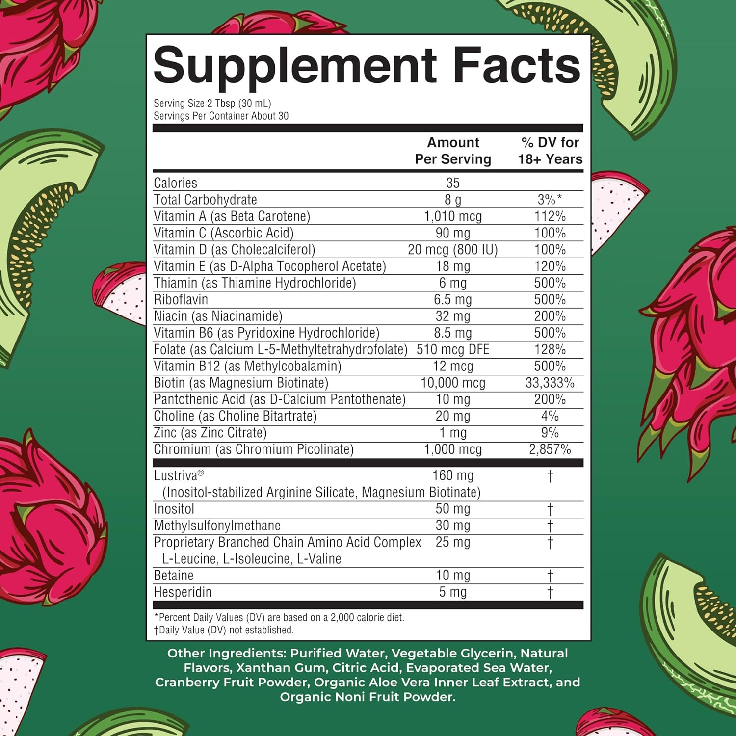 WOMEN HAIR GROWTH SUPPLEMENT: Enjoy this delicious liquid multivitamin in a peach mango or dragon fruit melon flavor and receive all of these nutrients plus Lustriva for thicker, fuller hair in women with just two tablespoons per day!
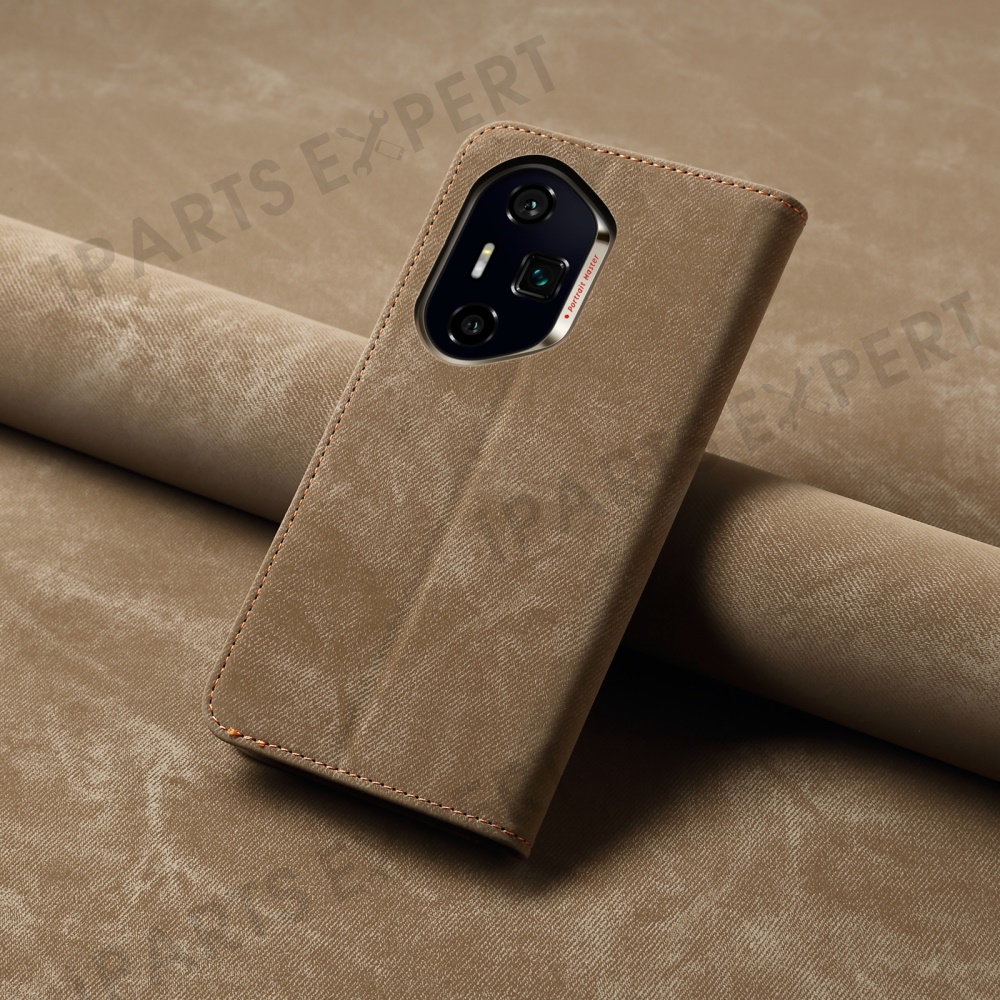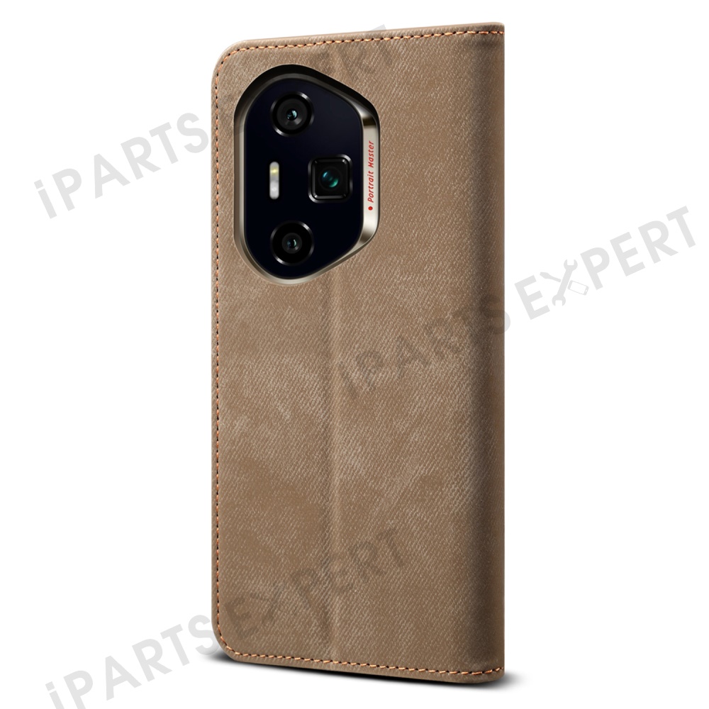 For Honor 300 Pro Case Jeans Cloth Texture Anti-Scratch Leather Stand Phone Cover - Khaki
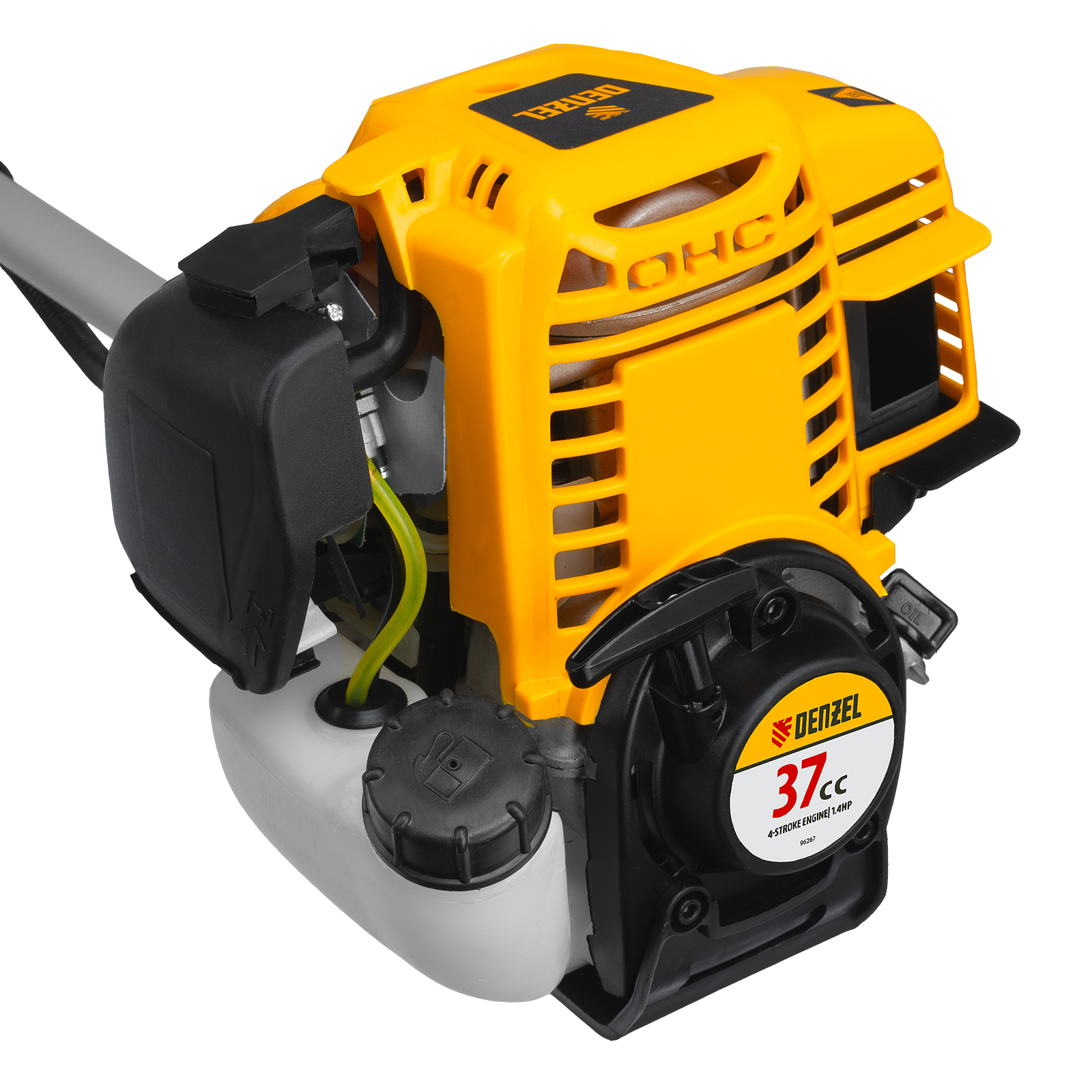Бензиновый триммер Denzel DTL-37-4T с 4-тактным двигателем объемом 37 см3, с неразъемной штангой, состоит из 2 частей. Позволяет не только ухаживать за газоном, но и скашивать траву различных типов, в том числе с жесткими стеблями (полынь, крапиву, лебеду), а также срезать борщевик, кустарник и молодые побеги деревьев с ветвями диаметром до 10 мм. В комплекте поставки сразу 3 оснастки: леска с шириной скашивания 42 см, трехлопастный нож с шириной скашивания 25,5 см и пильный диск. Четырехтактный двигатель мощностью 1,4 л. с. позволяет выполнять большой объем работ без риска перегрева. Он потребляет топливо экономичнее двухтактных аналогов и меньше подвержен износу.
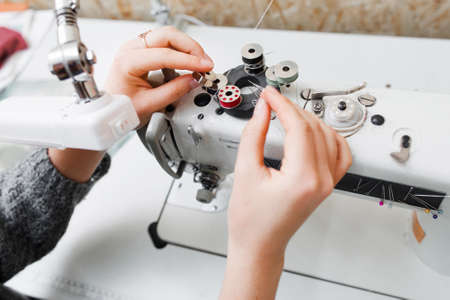 The workplace of a seamstress. The dressmaker works on a sewing machine. A tailor threads a thread into a sewing machine at his workplace. Hobby-sewing as a small business concept. High quality photo
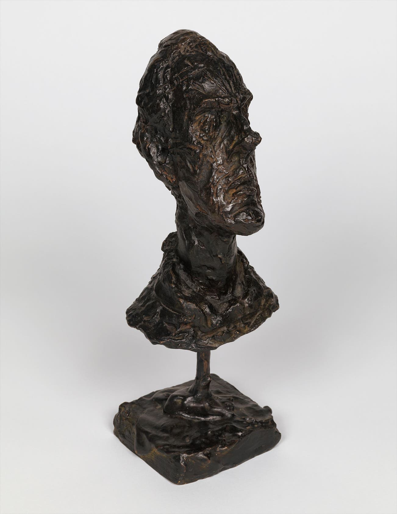 Alberto Giacometti created the plaster for the present lot around 1954, modeling the head on his brother, Diego. Here, his younger sibling appears in a turtleneck sweater rolled down on his neck, his distinctively tall forehead, slightly upturned nose, full lips, and intent gaze creating both a sharp profile and powerful frontal visage. Though the depiction of a head is common artistic subject, for Giacometti it functioned as a crucible for innovation, often heralding a new mode of representation in his production. The formal presence of these works is strikingly powerful, especially the series of male heads and busts that the artist created during the 1950s, which have been declared “as famous as they are beautiful,” by Yves Bonnefoy. “These sculpted faces compel one to face them as if one were speaking to the person, meeting his eyes.” (Alberto Giacometti: A Biography of his Work, Paris, 1991, p. 432)
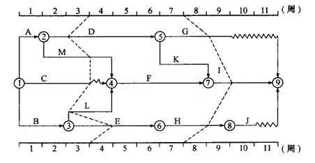 | 正確答案:CDE 解題思路:第3周末檢查時工作D拖后1周,但工作D是關鍵工作,所以會影響總工期,工作L拖后1周,工作L也是關鍵工作,也會影響總工期,選項A和B是錯誤的;第7周末檢查時,工作I提前2周,因其為關鍵工作,可能會縮短工期2周,工作G提前1周,因其不是關鍵工作,不會影響總工期,選項C和D是正確的;第4周至第7周內的時間為4周,工作E和工作H的實際進度也是4周,選項E正確。 |
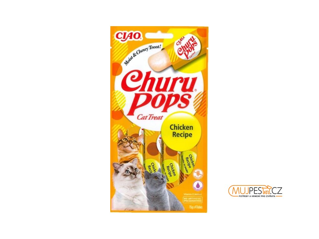 Churu Pops masová lízátka pro kočky s kuřecím z farmářského chovu.
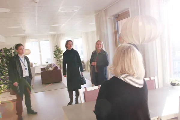 Madhuri Gogineni, överläkare på Stockholms Sjukhem, visar tillsammans med etikrådet som består av vård- och omsorgspersonal från Stockholms Sjukhems hur en etikrond går till i verkligheten. Från vänster Madhuri Goginei, Silya Molin, undersköterska, Rosita Lindskog, specialiserad undersköterska, Lisa Lüning Rusén, läkare, Birgitta Wiklund, specialistsjuksköterska, Helena Karlström, fysioterapeut.
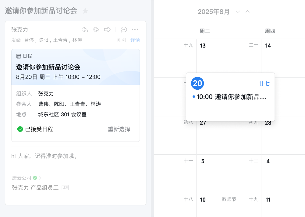 - 通过邮件发送会议邀请,会议信息会自动添加至参会人的日程;会后也可将 AI 总结的会议纪要,用邮件发送给参会人。
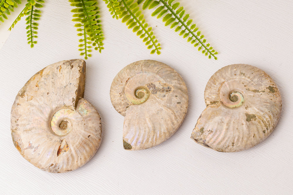 Geopaliseerde ammonieten zijn zeldzaam en bijzonder geliefd bij verzamelaars en liefhebbers van fossielen en mineralen. Ze staan symbool voor levenscycli, transformatie en kosmische wijsheid. Het natuurlijke spiraalpatroon en de glanzende opaalstructuur maken elk stuk uniek en magisch.
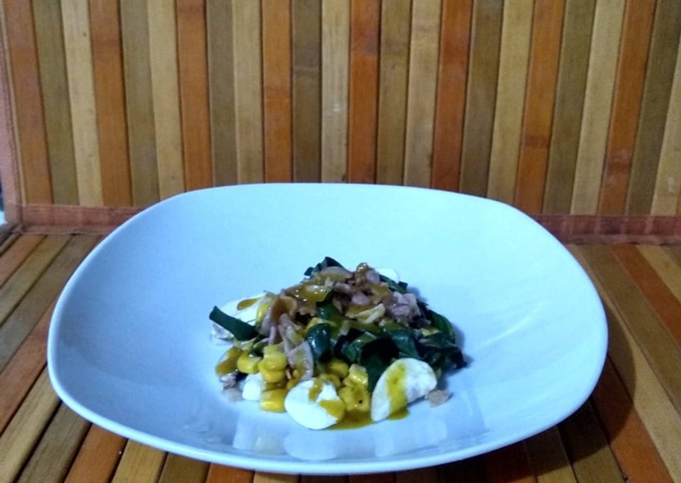 - Colocar las espinacas en el plato, agregar los granos de elote y mezclar, espolvorear con tocino crujiente
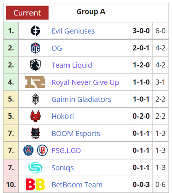 The day ends with EG at the top of Group A
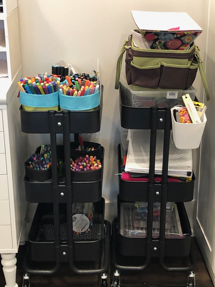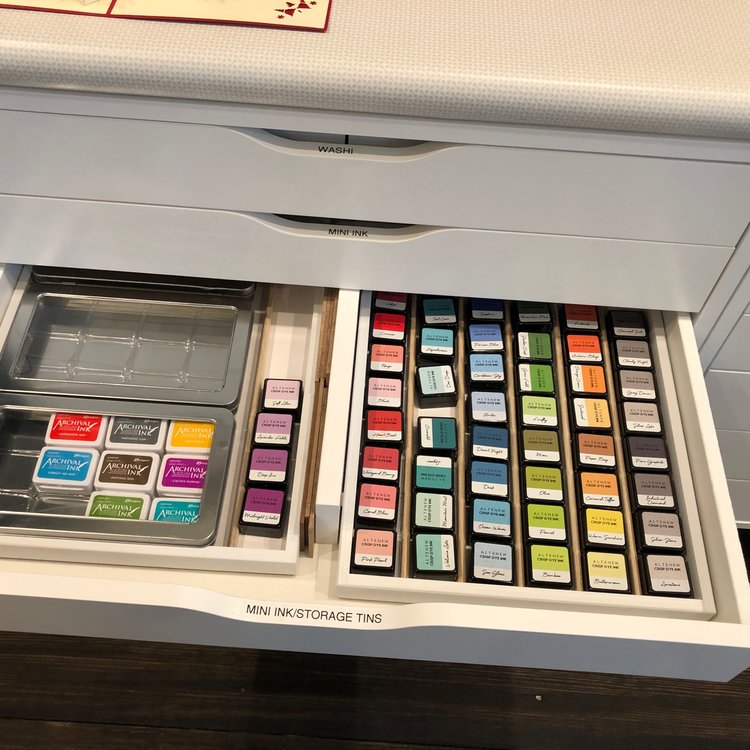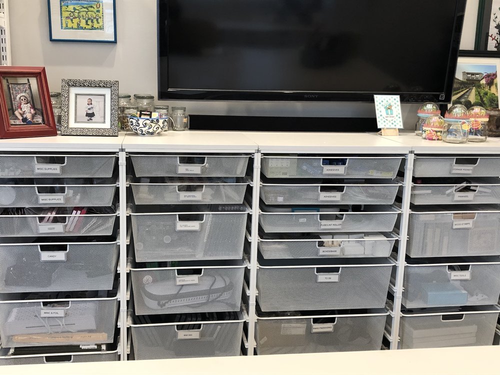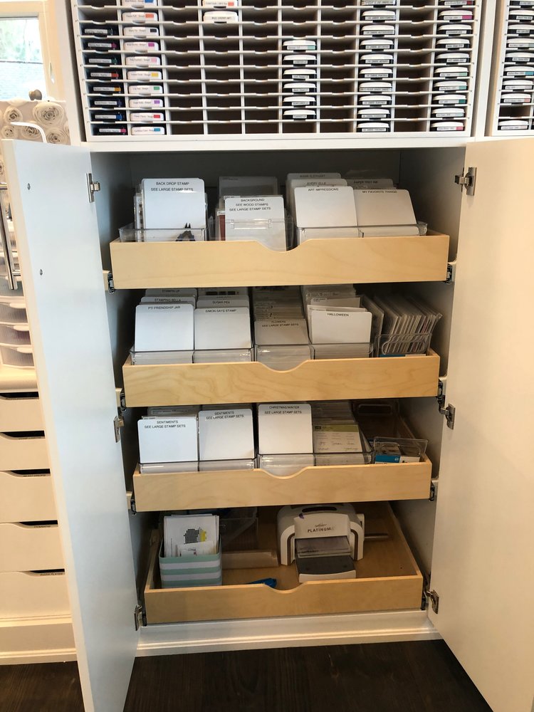 In our last home, I had sewing and knitting on one side and paper crafting on the other. If you have done any card making or paper crafting at all, you know there are a lot of bits and pieces that need to be organized. So, my hunt for ‘craft room organization’ began. I am a Virgo and organization is my complete jam! I had an island made – the biggest island I could have made to fit my space. It was (and still is) amazing.
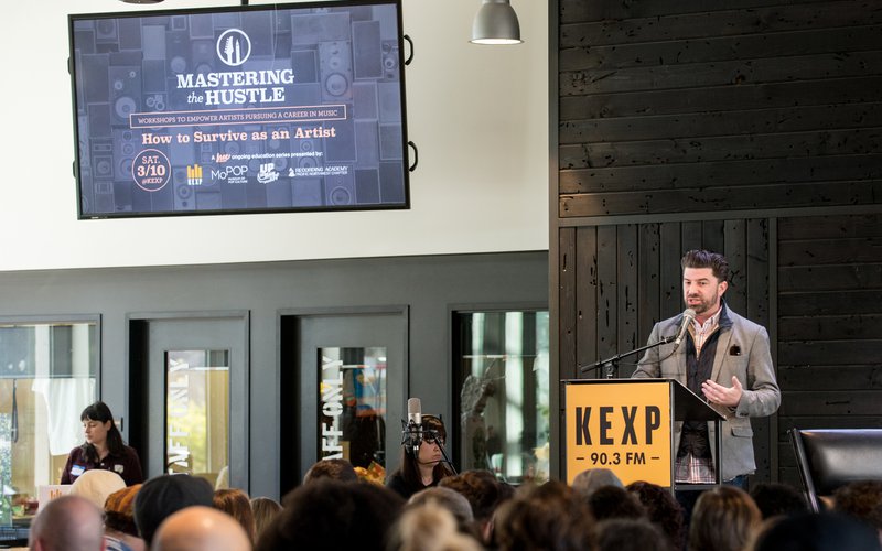 KEXP, Upstream Music Fest + Summit, MoPOP, and The Recording Academy have partnered together to present Mastering the Hustle: a panel discussion with six annual events, tackling a different topic to help emerging artists make better decisions earlier in their careers. Throughout the series, we’ll be discussing everything from how to get airplay, legal and licensing, healthcare for artists, and promoting your brand.
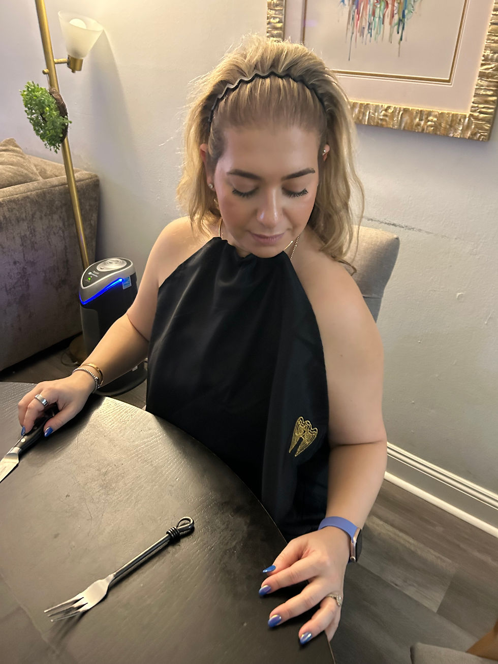 Our couture clothing Dinnafore elegantly safeguards against spills, allowing you to enjoy meals without fear. Crafted from high-quality materials, it combines utility with luxury, enhancing any outfit while keeping you worry-free.
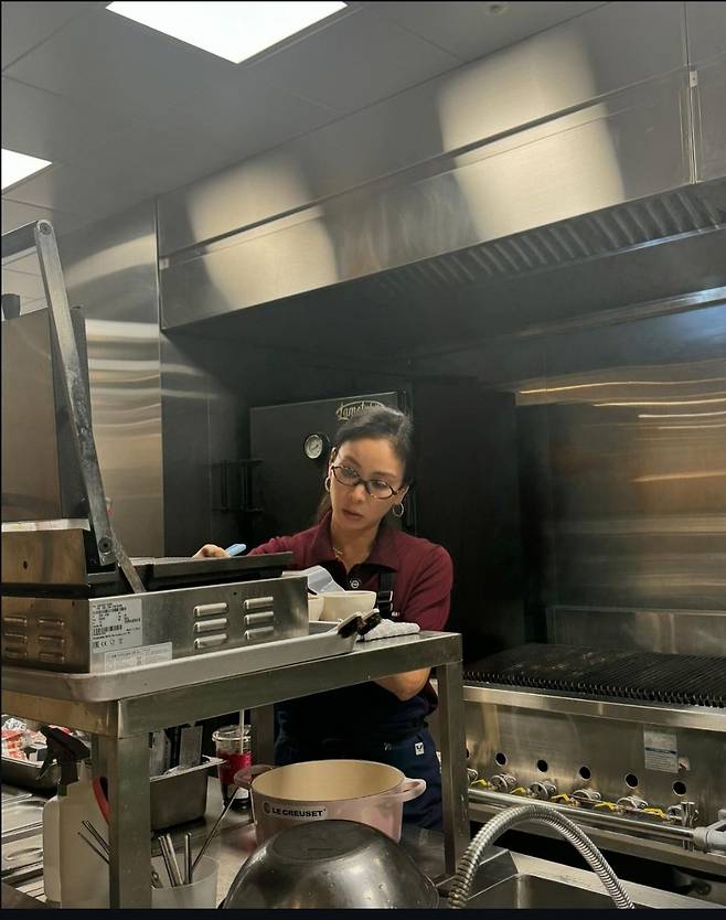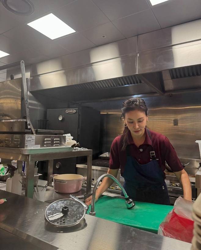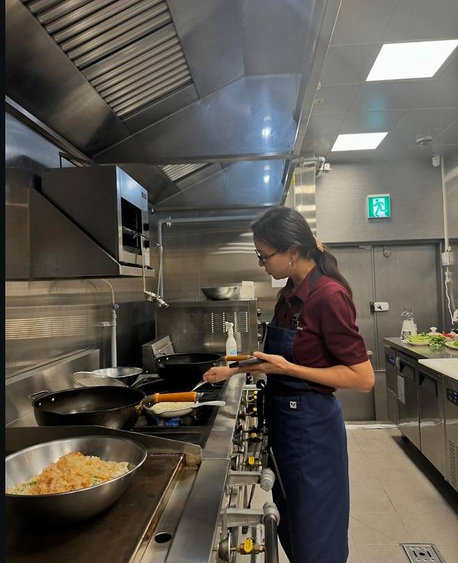 고소영은 버건디 컬러의 폴로셔츠에 네이비 앞치마를 착용해 요리하는 모습마저 우아함을 자아냈습니다.
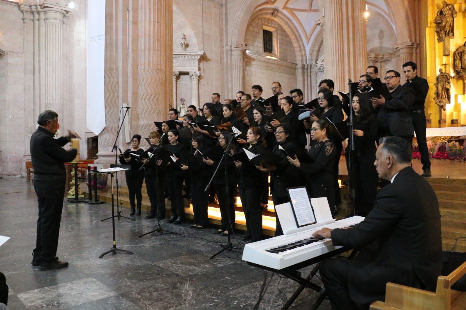Zacatecas, Zac., 1 de noviembre de 2025.- La Catedral Basílica de Zacatecas fue escenario del Primer Concierto de la Segunda Temporada del Coro del Estado de Zacatecas, que se llevó a cabo este sábado, bajo la dirección artística del maestro José Manuel Delgadillo, y la participación del pianista Jesús Contreras, en una fecha cargada de simbolismo y memoria, con un programa que reunió tres de las más sublimes expresiones del género: extractos de los Réquiem de Luigi Cherubini, W. A. Mozart y Gabriel Fauré.
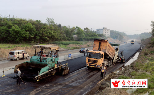 近日,记者在咸潘一级公路扩建工程咸安段浮山办事处三班口村最后一标段施工现场看到,工人正在进行沥青铺设,整条线路将全线贯通。该项目全长48.28公里,建成后将极大完善我市区域交通综合网络体系,改善市区出行环境。 赵忠志/摄
◇ ◇ ◇ ◇ ◇ ◇ ◇
#### PROBLEM TO WORK ON:
Return only the part above that opens with the line containing "For Honor 300" and closes with the line containing "The workplace of", exactly and with both ends, skipping the pictures.

#### ANSWER SPACE:
 For Honor 300 Pro Case Jeans Cloth Texture Anti-Scratch Leather Stand Phone Cover - Khaki
Бензиновый триммер Denzel DTL-37-4T с 4-тактным двигателем объемом 37 см3, с неразъемной штангой, состоит из 2 частей. Позволяет не только ухаживать за газоном, но и скашивать траву различных типов, в том числе с жесткими стеблями (полынь, крапиву, лебеду), а также срезать борщевик, кустарник и молодые побеги деревьев с ветвями диаметром до 10 мм. В комплекте поставки сразу 3 оснастки: леска с шириной скашивания 42 см, трехлопастный нож с шириной скашивания 25,5 см и пильный диск. Четырехтактный двигатель мощностью 1,4 л. с. позволяет выполнять большой объем работ без риска перегрева. Он потребляет топливо экономичнее двухтактных аналогов и меньше подвержен износу.
 The workplace of a seamstress. The dressmaker works on a sewing machine. A tailor threads a thread into a sewing machine at his workplace. Hobby-sewing as a small business concept. High quality photo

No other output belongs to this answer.